▽

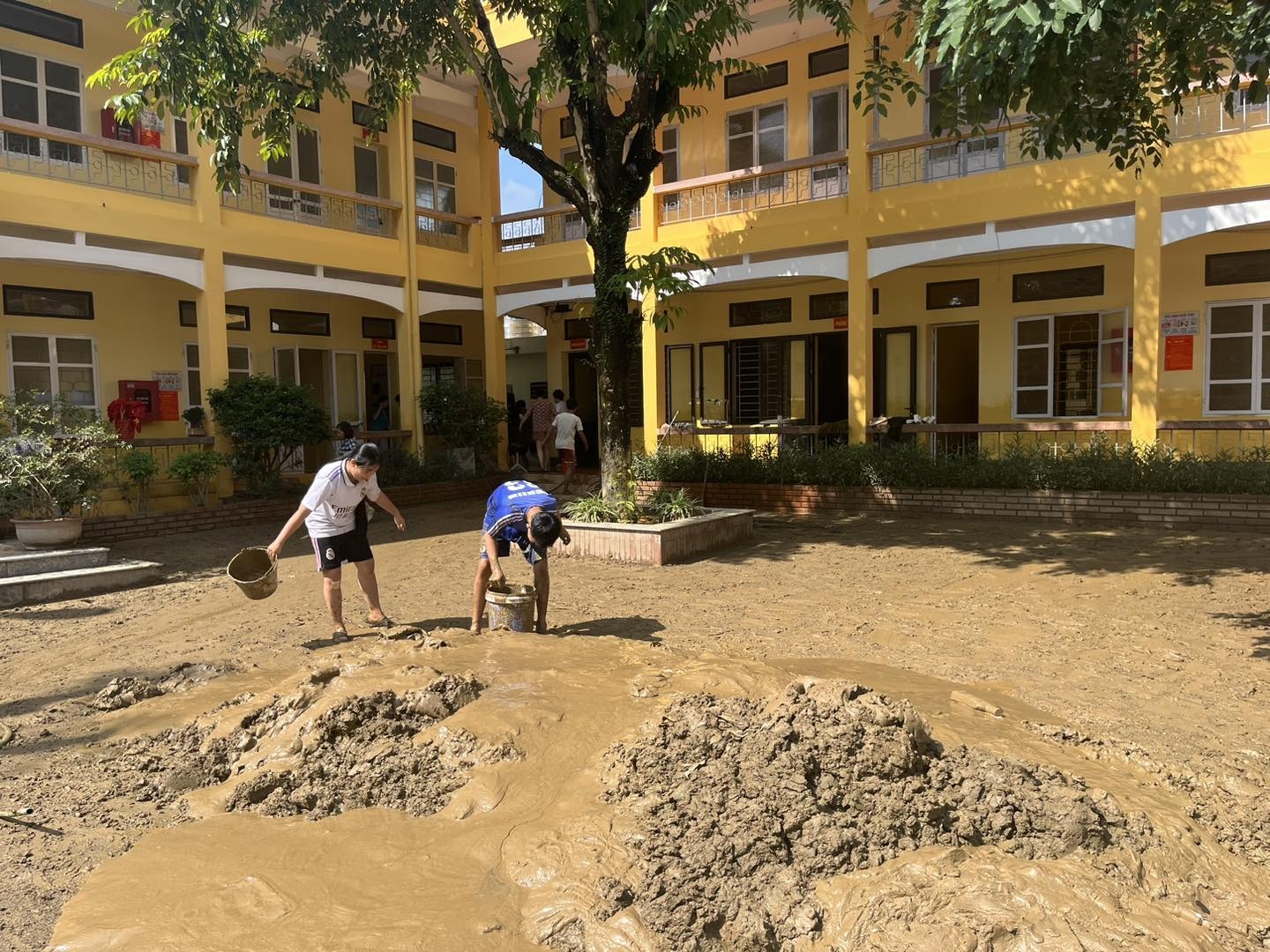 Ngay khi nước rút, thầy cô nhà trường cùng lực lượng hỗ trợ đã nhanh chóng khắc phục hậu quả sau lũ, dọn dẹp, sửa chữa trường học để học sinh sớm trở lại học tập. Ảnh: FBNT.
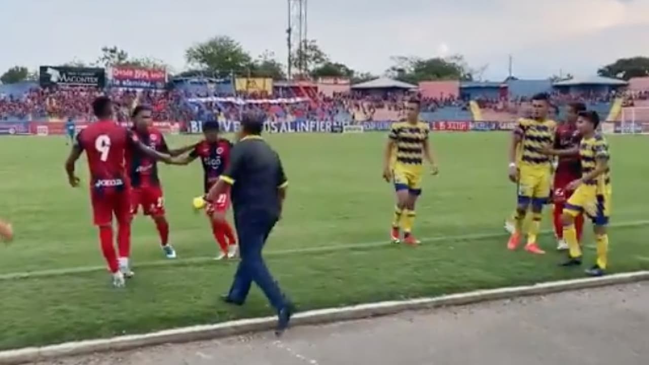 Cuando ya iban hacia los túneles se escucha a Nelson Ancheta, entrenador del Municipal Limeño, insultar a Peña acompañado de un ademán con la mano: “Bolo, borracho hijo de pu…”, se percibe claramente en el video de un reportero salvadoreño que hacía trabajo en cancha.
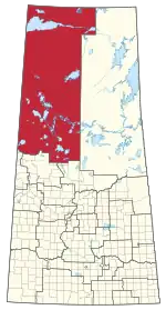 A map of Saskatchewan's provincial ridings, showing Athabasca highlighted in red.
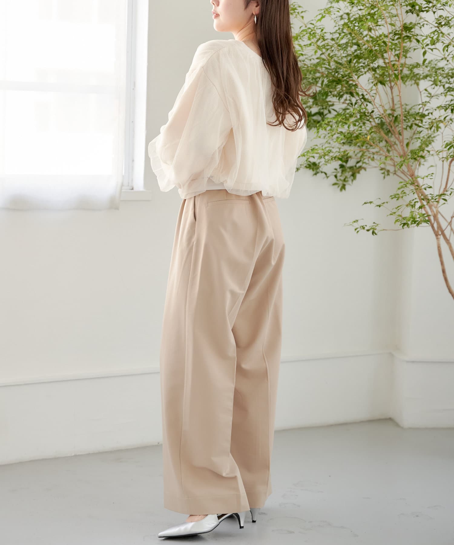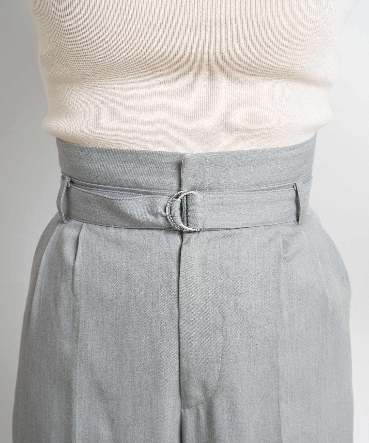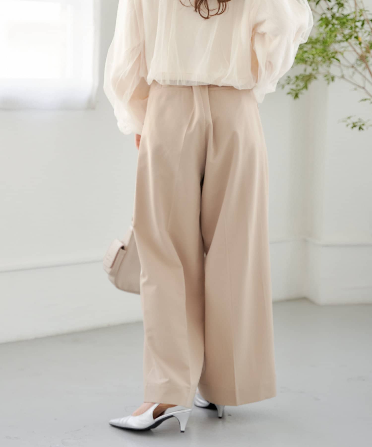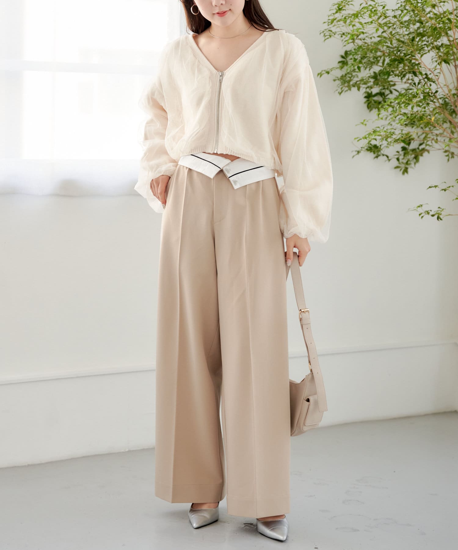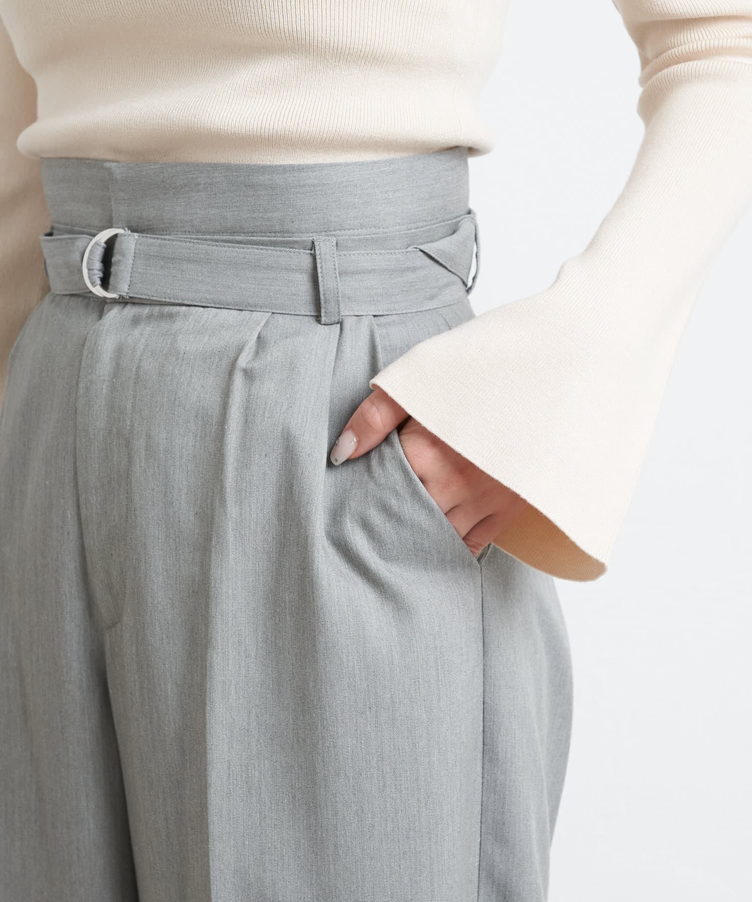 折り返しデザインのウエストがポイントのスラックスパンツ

△

What the task requires:
The listing above needs to be output again exactly. Don't include the pictures.

Result of this task:
 Ngay khi nước rút, thầy cô nhà trường cùng lực lượng hỗ trợ đã nhanh chóng khắc phục hậu quả sau lũ, dọn dẹp, sửa chữa trường học để học sinh sớm trở lại học tập. Ảnh: FBNT.
 Cuando ya iban hacia los túneles se escucha a Nelson Ancheta, entrenador del Municipal Limeño, insultar a Peña acompañado de un ademán con la mano: “Bolo, borracho hijo de pu…”, se percibe claramente en el video de un reportero salvadoreño que hacía trabajo en cancha.
 A map of Saskatchewan's provincial ridings, showing Athabasca highlighted in red.
 折り返しデザインのウエストがポイントのスラックスパンツ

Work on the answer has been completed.